_Task statement_: Where a picture shows up in the listing below, omit it and output the rest exactly.

_Available data_:
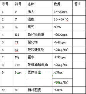 4.4 《QC-03》氣體預(yù)處理系統(tǒng)處理后的氣體主要指標(biāo):
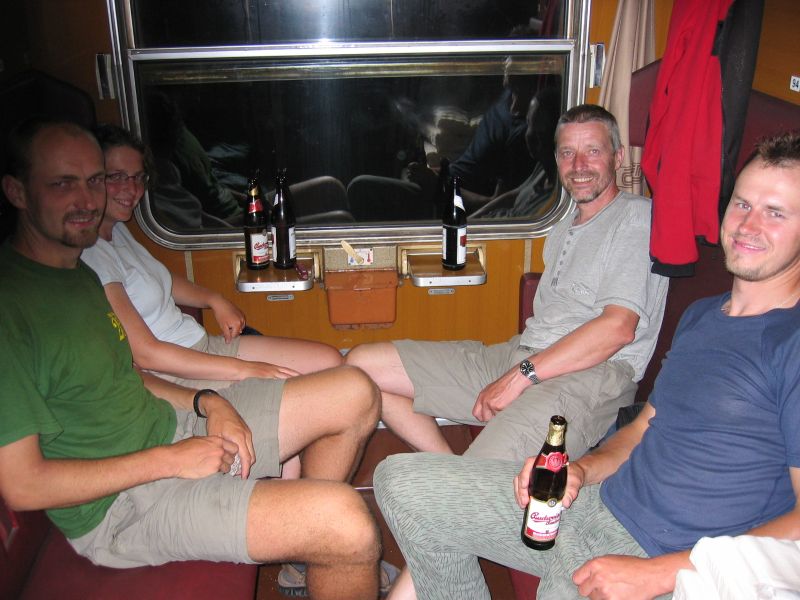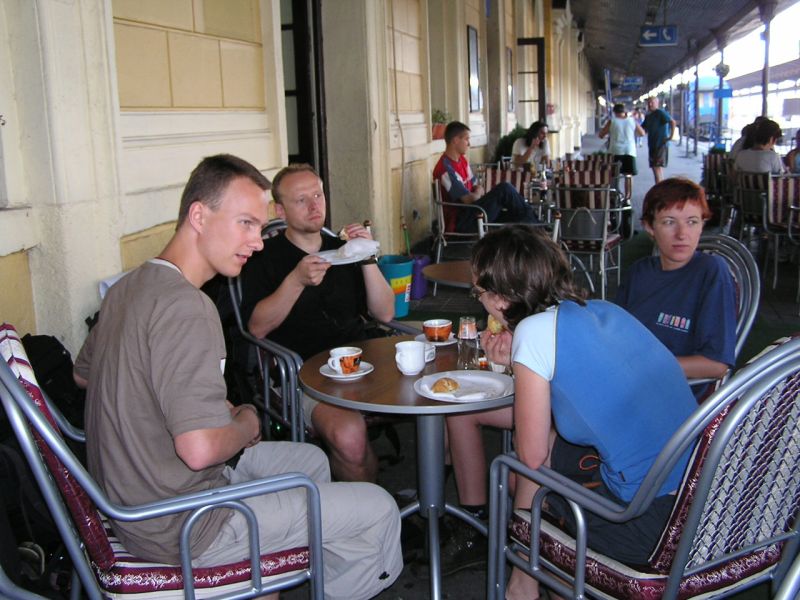 Zpoždění bylo standardní, takže na periferii Bělehradu přijíždíme naštěstí až v půl páté ráno. Městská doprava nás provezla bělehradským svítáním a na hlavním nádraží obsazujeme oblíbenou kavárnu a útokem bereme záchody, pekaře a potraviny. Po osmé hodině nám jede vlak do Budapešti, obsazujeme dvě rezervovaná kupé, kde okamžitě roztahujeme sedadla. Cestujeme jak pašové vleže, pospáváme, rovná krajina ubíhá a po třetí odpoledne přistáváme v Budapešti na nádraží Keleti. Nejbližší vlak do Prahy jede večer ve tři čtvrtě na osm, a tak trávíme příští tři hodiny v nádražní čekárně a výpady do okolí. Kolem sedmé hodiny se na peróně shromažďují nervózní backpackeři (ve vlaku nejsou místenkové vozy a lehátka lze urvat jedině u průvodčího), my vymýšlíme taktiku, která selhává, ale nakonec přeci jen k nelibosti cestujících doplňujeme poloprázdná kupé na plná. Ve chvíli, kdy už nám klesá hladina adrenalinu a my jsme rádi, že alespoň sedíme, přichází Káča s neuvěřitelným dotazem, zda chceme lehátka. Samozřejmě, že chceme a nastává další adrenalinový přesun podél vlaku do lehátkového vozu. Vlak se rozjíždí a šest z nás už sedí v lehátkovém voze. Naštěstí na peróně nikdo nezůstal, takže víme, že Luděk s Míšou jsou alespoň ve vlaku. Platíme za lehátka, za chvíli doráží i Míša s Luďkem, u stevarda si kupujeme vychlazený Budvar a připíjíme si na šťastný návrat. Pohodu zpáteční cesty naruší jenom maďarský průvodčí, kterému se nelíbí, že vlak jede jinou trasou, než na kterou máme lístky, takže po vzoru cesta byla sice delší, zato však méně pohodlná, doplácíme neskutečných 13 Euro na osobu za asi stokilometrovou zajížďku. Zdálo se nám to moc, ale průvodčí mluvil pouze maďarsky, bumážku nám vypsal taky maďarsky, tak s ním byla dost těžká domluva a nechat se vysadit na příští stanici se nám taky nechtělo. Radši jsme zvolili taktiku "nasraný nás nedostanou", průvodčího jsme vytrestali padesátieurovými a vyššími bankovkami a příjemně znaveni ustoupivším cestovatelským adrenalinem budějovickou dvanáctkou jsme šli na kutě.
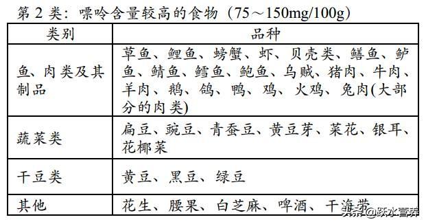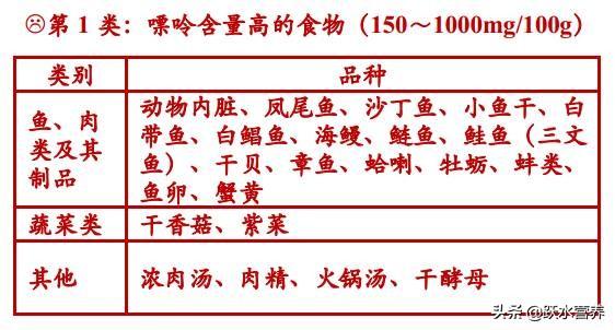 Les purines sont largement présentes dans l'alimentation, en particulier dans les viandes animales, les poissons et les crevettes, les noix, les haricots secs, les champignons secs, le varech sec, etc. qui contiennent beaucoup de purines.

_Response_:
 4.4 《QC-03》氣體預(yù)處理系統(tǒng)處理后的氣體主要指標(biāo):
 Zpoždění bylo standardní, takže na periferii Bělehradu přijíždíme naštěstí až v půl páté ráno. Městská doprava nás provezla bělehradským svítáním a na hlavním nádraží obsazujeme oblíbenou kavárnu a útokem bereme záchody, pekaře a potraviny. Po osmé hodině nám jede vlak do Budapešti, obsazujeme dvě rezervovaná kupé, kde okamžitě roztahujeme sedadla. Cestujeme jak pašové vleže, pospáváme, rovná krajina ubíhá a po třetí odpoledne přistáváme v Budapešti na nádraží Keleti. Nejbližší vlak do Prahy jede večer ve tři čtvrtě na osm, a tak trávíme příští tři hodiny v nádražní čekárně a výpady do okolí. Kolem sedmé hodiny se na peróně shromažďují nervózní backpackeři (ve vlaku nejsou místenkové vozy a lehátka lze urvat jedině u průvodčího), my vymýšlíme taktiku, která selhává, ale nakonec přeci jen k nelibosti cestujících doplňujeme poloprázdná kupé na plná. Ve chvíli, kdy už nám klesá hladina adrenalinu a my jsme rádi, že alespoň sedíme, přichází Káča s neuvěřitelným dotazem, zda chceme lehátka. Samozřejmě, že chceme a nastává další adrenalinový přesun podél vlaku do lehátkového vozu. Vlak se rozjíždí a šest z nás už sedí v lehátkovém voze. Naštěstí na peróně nikdo nezůstal, takže víme, že Luděk s Míšou jsou alespoň ve vlaku. Platíme za lehátka, za chvíli doráží i Míša s Luďkem, u stevarda si kupujeme vychlazený Budvar a připíjíme si na šťastný návrat. Pohodu zpáteční cesty naruší jenom maďarský průvodčí, kterému se nelíbí, že vlak jede jinou trasou, než na kterou máme lístky, takže po vzoru cesta byla sice delší, zato však méně pohodlná, doplácíme neskutečných 13 Euro na osobu za asi stokilometrovou zajížďku. Zdálo se nám to moc, ale průvodčí mluvil pouze maďarsky, bumážku nám vypsal taky maďarsky, tak s ním byla dost těžká domluva a nechat se vysadit na příští stanici se nám taky nechtělo. Radši jsme zvolili taktiku "nasraný nás nedostanou", průvodčího jsme vytrestali padesátieurovými a vyššími bankovkami a příjemně znaveni ustoupivším cestovatelským adrenalinem budějovickou dvanáctkou jsme šli na kutě.
 Les purines sont largement présentes dans l'alimentation, en particulier dans les viandes animales, les poissons et les crevettes, les noix, les haricots secs, les champignons secs, le varech sec, etc. qui contiennent beaucoup de purines.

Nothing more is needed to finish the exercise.